This task calls for the lines below starting at the one containing "景觀膜結構是一種采用高強度膜" and ending at the one containing "v1.0 | 附增援代码 |", repeated exactly with both ends kept and pictures left out.

### Dataset extract ###

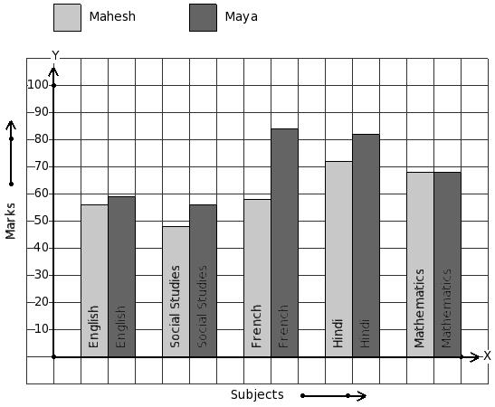 Marks obtained by two students Mahesh and Maya in diferent subjects are shown in the bar graph. Identify the table for the given bar diagram.
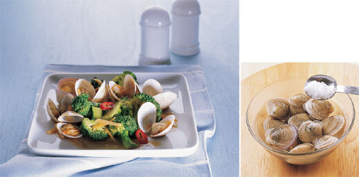 조개류는 제대로 해감하지 않으면 먹을 때 모래가 질금질금 씹힌다. 소금물에 담가 어둡고 서늘한 곳에 두어 해감한 후 비벼 씻어 조개의 불순물을 제거하고 조리한다.
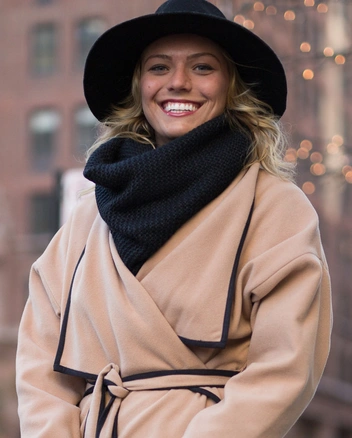 Шарф-хомут сдал свои позиции еще в середине 2010-х, однако среди россиянок он продолжает пользоваться спросом, ведь аксессуар отлично согревает в морозы. Какой бы комфортной и удобной эта модель ни была, с модой она уже не имеет ничего общего. Ей на смену пришел актуальный объемный шарф крупной вязки, который и выглядит стильно, и от ветра защищает. К тому же, модницам он нравится больше: снуд мы надеваем через голову, задевая прическу и макияж, а длинный шарф достаточно перекинуть через плечо.
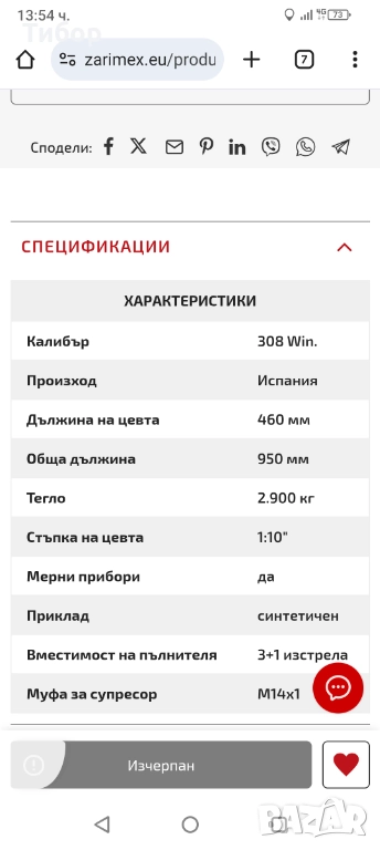 Карабината е чисто нова неизползвана. Закупена септември 2025г. Оборудвана с чисто нова оптика Sightmark - Core HX 2.0 3-9x50 DX. - Duplex скала
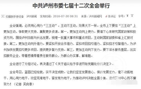 7月29日,瀘州市召開了市委七屆十二次全會,會議表決通過了《關(guān)于追認(rèn)給予李波開除黨籍處分的決定》。
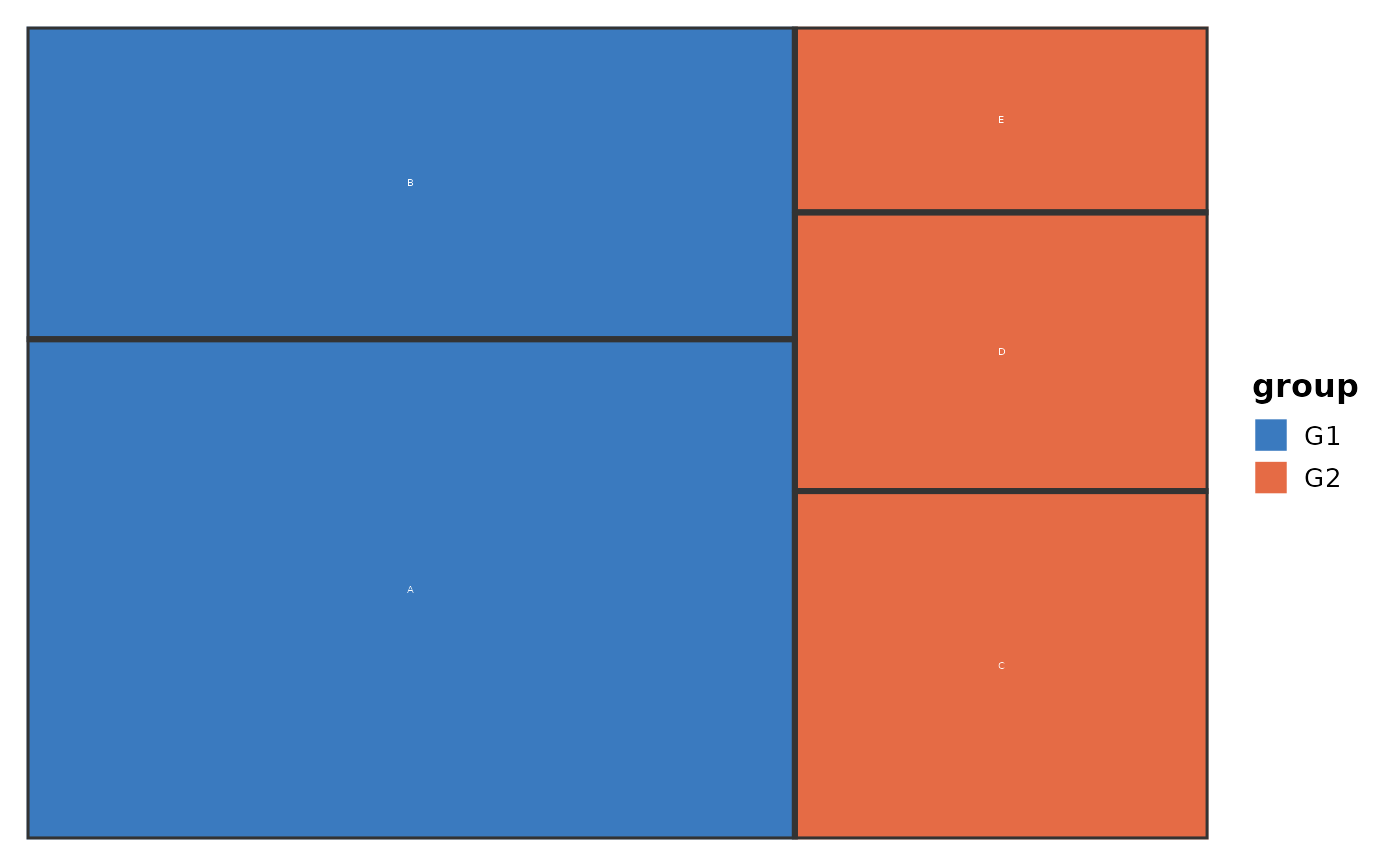 TreemapPlot(data, area = "value", fill = "group", group = "group",
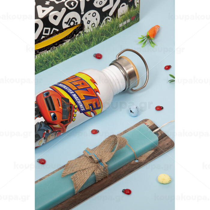 Ο Μπλέιζ και οι Φίλοι του, Πασχαλινή Λαμπάδα με παγούρι μεταλλικό (620ml, stainless steel) & κερί αρωματικό πλακέ (30cm) (ΤΙΡΚΟΥΑΖ)
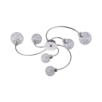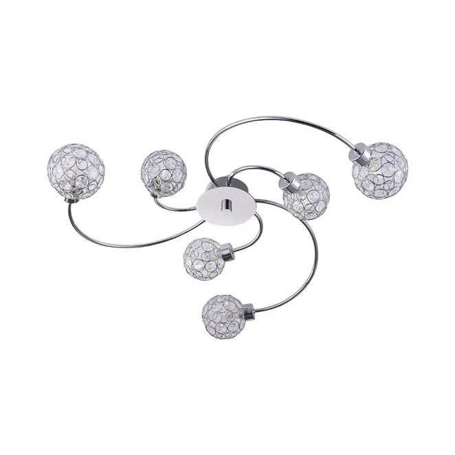 Tyron Deckenleuchte Chrom/Klar ist der Inbegriff einer eleganten Leuchte. Das kunstvoll gedrehte Stativ in Kombination mit den glitzernden Kugellampenschirmen und der harmonischen Verbindung von Metall und Glas strahlt Extravaganz und Exklusivität aus. Die sechs Schirme sind paarweise angeordnet und bilden ein schönes Dreiblatt um die Mitte der Leuchte. Die Halterung und das Stativ sind verchromt und verleihen der Leuchte ein modernes Aussehen. Die Schirme selbst haben eine regelmäßige Struktur aus Metall, die mit Glasperlen durchsetzt ist, die einen schönen Edelstein-Effekt erzeugen. Dieser Effekt wird verstärkt, wenn die Leuchte eingeschaltet ist, und erzeugt faszinierende Lichtmuster an der Decke. Das Glas ist transparent, so dass die Lichtquellen direkt in ein klares Licht strahlen, das in den Raum hineinreicht und alle Ecken erhellt.
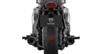 O inovador sistema de escapamento twin-skin, com atraentes silenciadores estilo zarabatana cortados e caixa de ar dupla exclusiva geram um ronco hot-rod característico, enquanto praticamente esconde o catalisador embaixo da motocicleta.
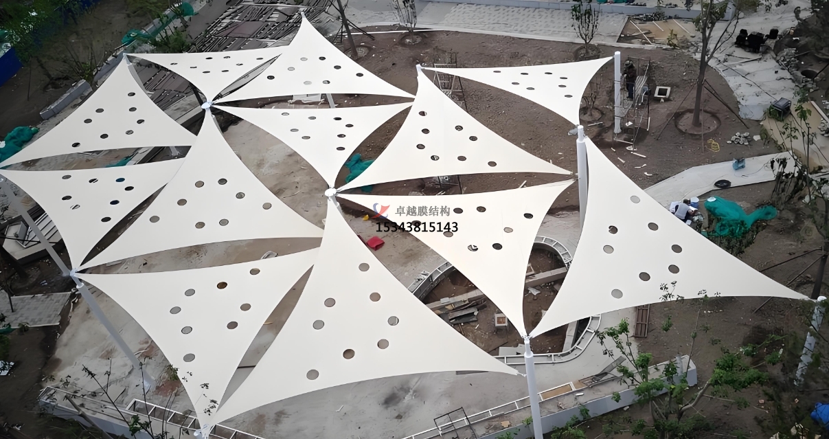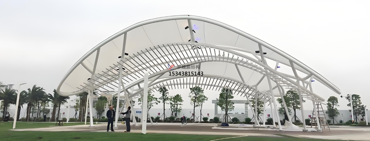 景觀膜結構是一種采用高強度膜材和鋼結構組合而成的建筑形式。它以膜材作為主要受力構件,通過鋼結構進行支撐和固定,形成一個輕盈、飄逸的空間結構。這種結構形式不僅具有極高的承重能力,還具有良好的透光性和抗風性能,使得它成為現代景觀設計中的一道亮麗風景線。
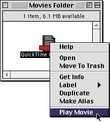 PlayMovie CMM, a recent shareware "Cool Tool of the Week" at the Webintosh site, is a Mac OS Contextual Menu plug-in that uses QuickTime to let you play movies directly from the Finder, without having to open any application (and then goes away all by itself). Just control-click on the file, select 'Play Movie' from the Contextual Menu, and watch.
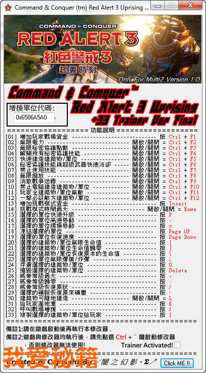 | 2011.05.30 | 红色警戒3:起义时刻v1.0修改器 + 33 | v1.0 | 附增援代码 |
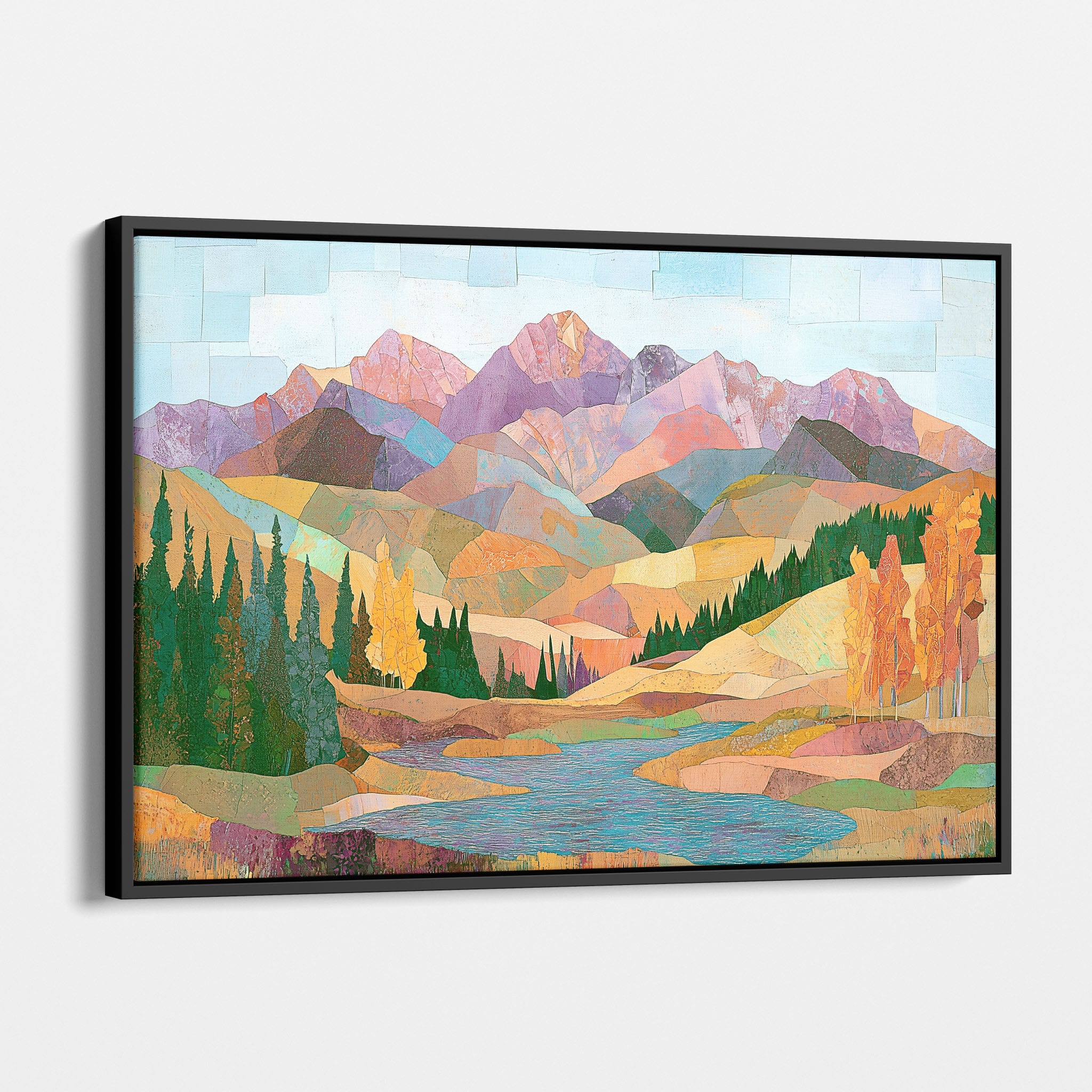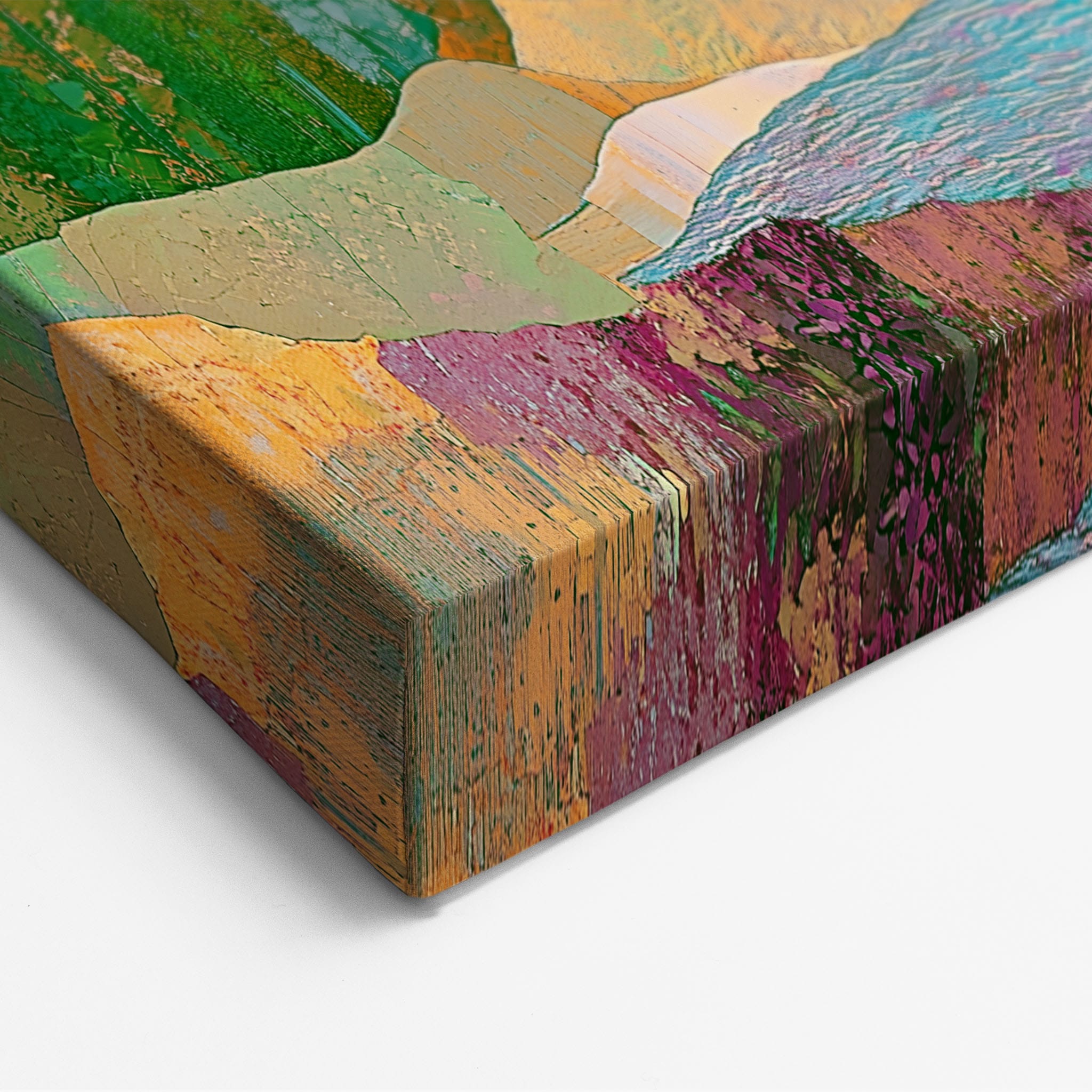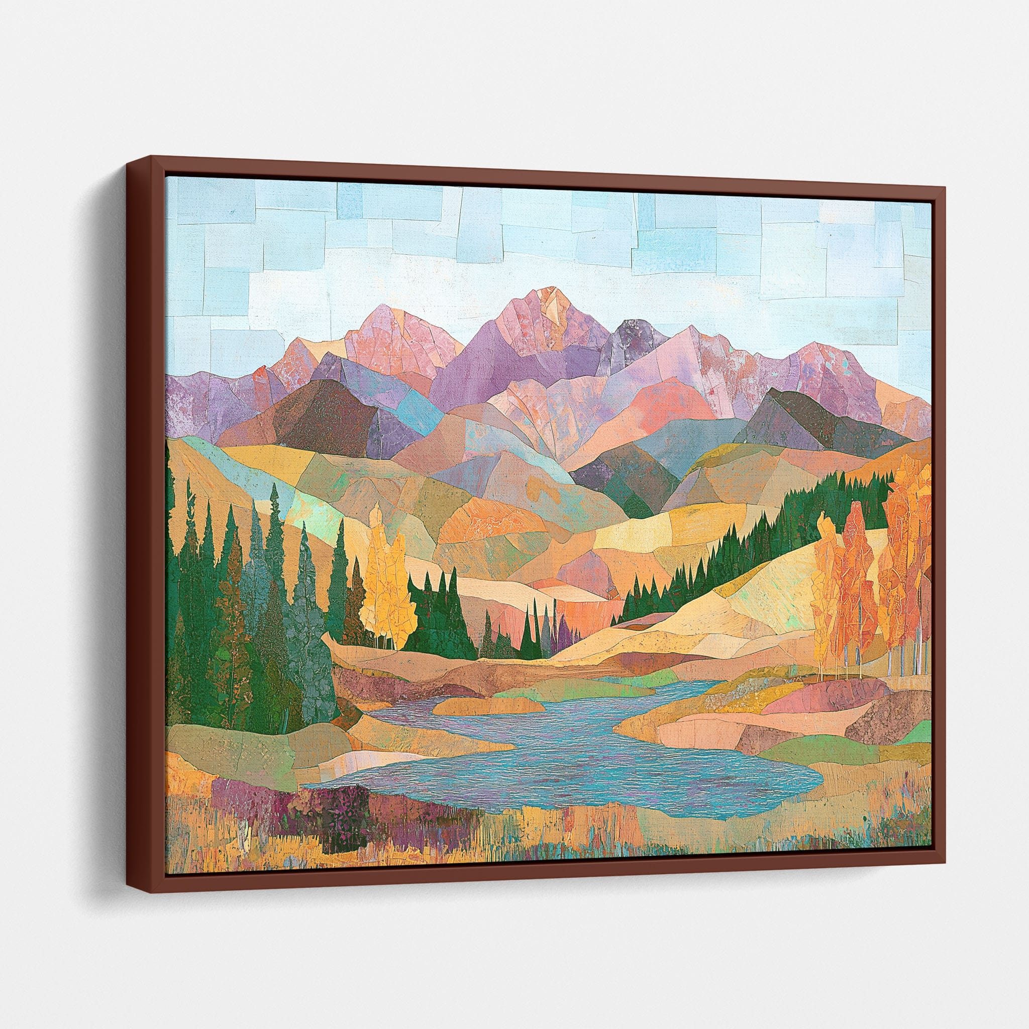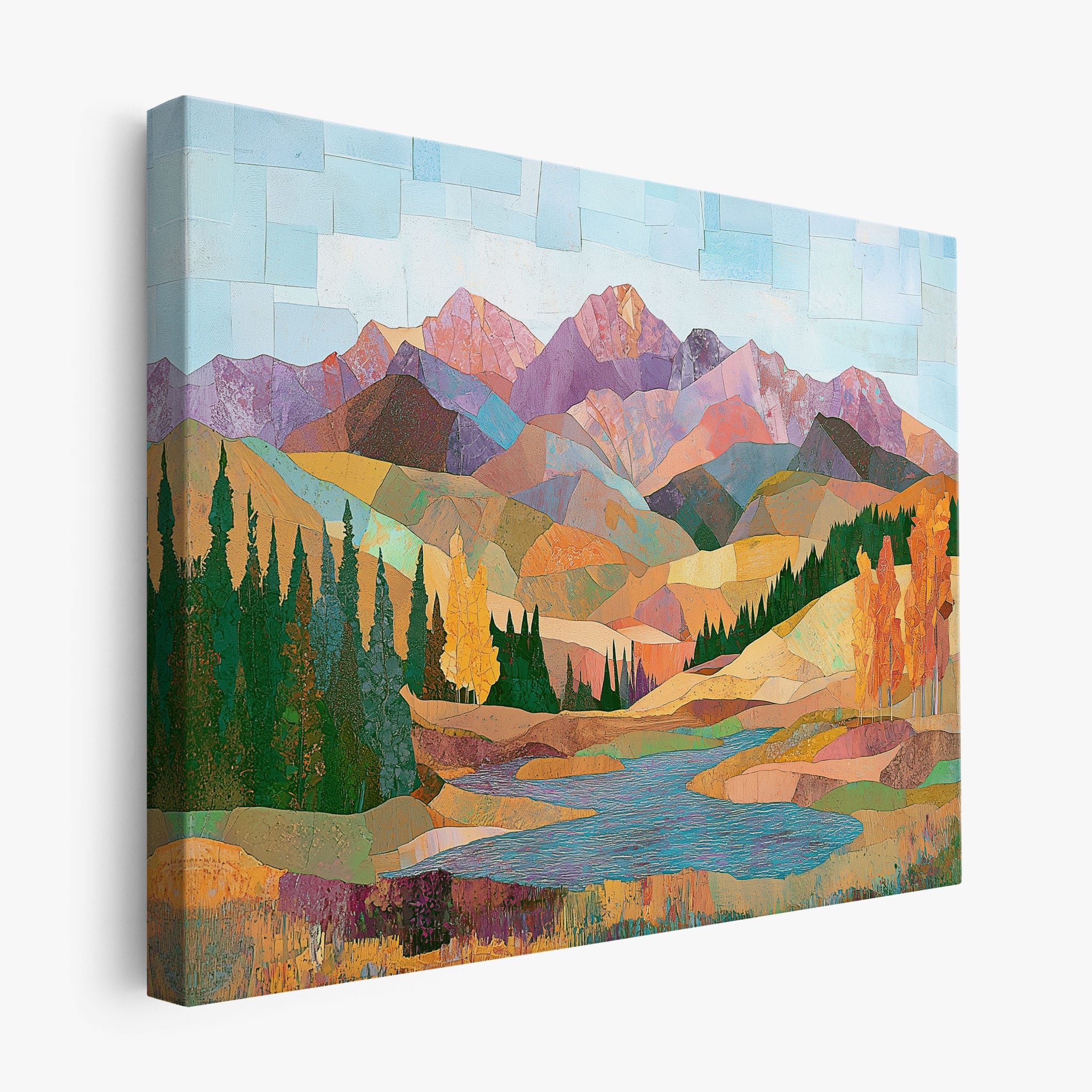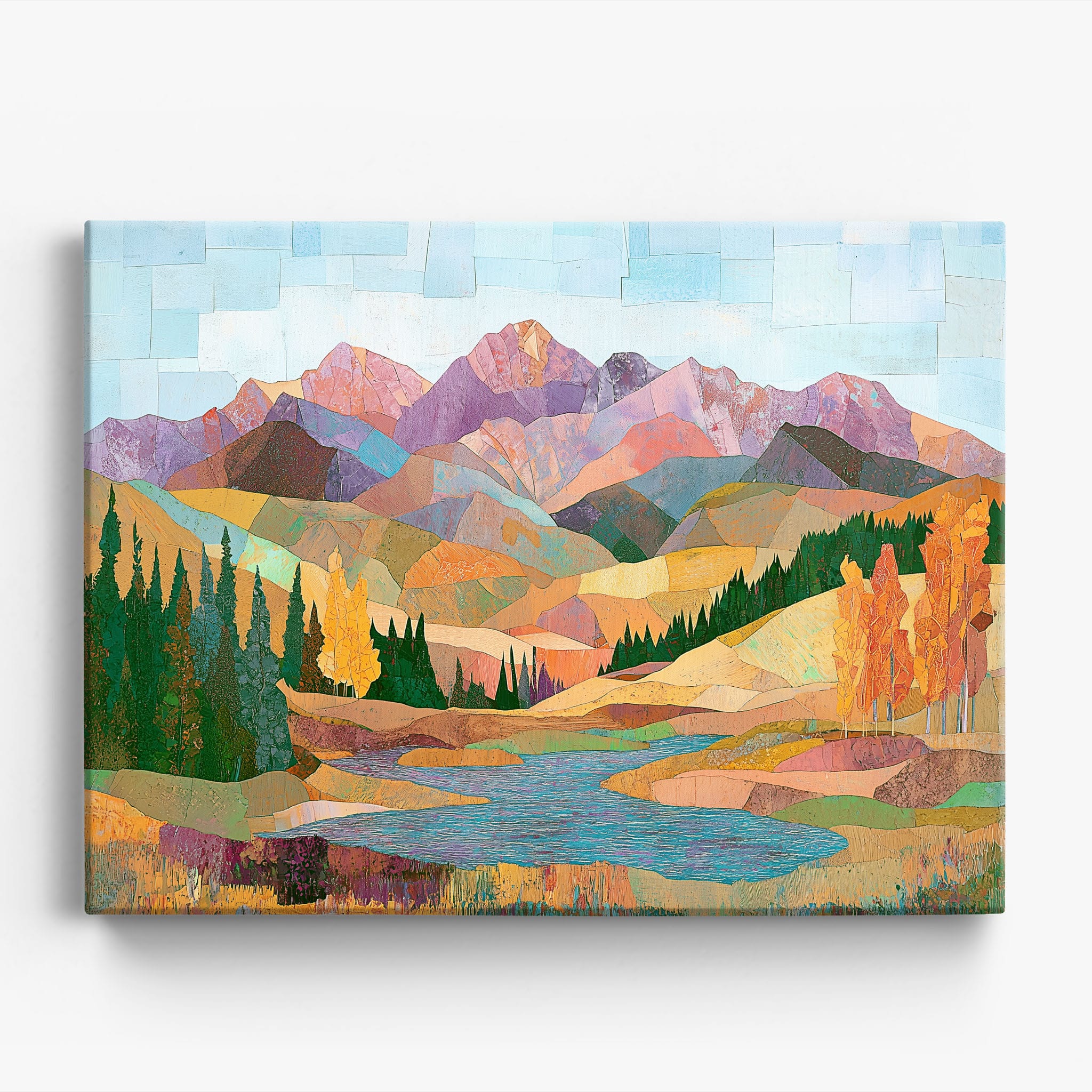 This vibrant painting uses geometric shapes to create a surreal landscape that merges dream-like mountains with vividly colored forests. The methodic arrangement of colors and shapes invites viewers into a serene yet dynamic environment. The painting cleverly balances warm and cool tones, making it a visually stunning piece for any modern art enthusiast. Ideal for adding a touch of color and uniqueness to any space, this artwork is not just a decor but a conversation starter for those who appreciate contemporary interpretations of natural scenery.

###

## Response to the exercise
 景觀膜結構是一種采用高強度膜材和鋼結構組合而成的建筑形式。它以膜材作為主要受力構件,通過鋼結構進行支撐和固定,形成一個輕盈、飄逸的空間結構。這種結構形式不僅具有極高的承重能力,還具有良好的透光性和抗風性能,使得它成為現代景觀設計中的一道亮麗風景線。
 PlayMovie CMM, a recent shareware "Cool Tool of the Week" at the Webintosh site, is a Mac OS Contextual Menu plug-in that uses QuickTime to let you play movies directly from the Finder, without having to open any application (and then goes away all by itself). Just control-click on the file, select 'Play Movie' from the Contextual Menu, and watch.
 | 2011.05.30 | 红色警戒3:起义时刻v1.0修改器 + 33 | v1.0 | 附增援代码 |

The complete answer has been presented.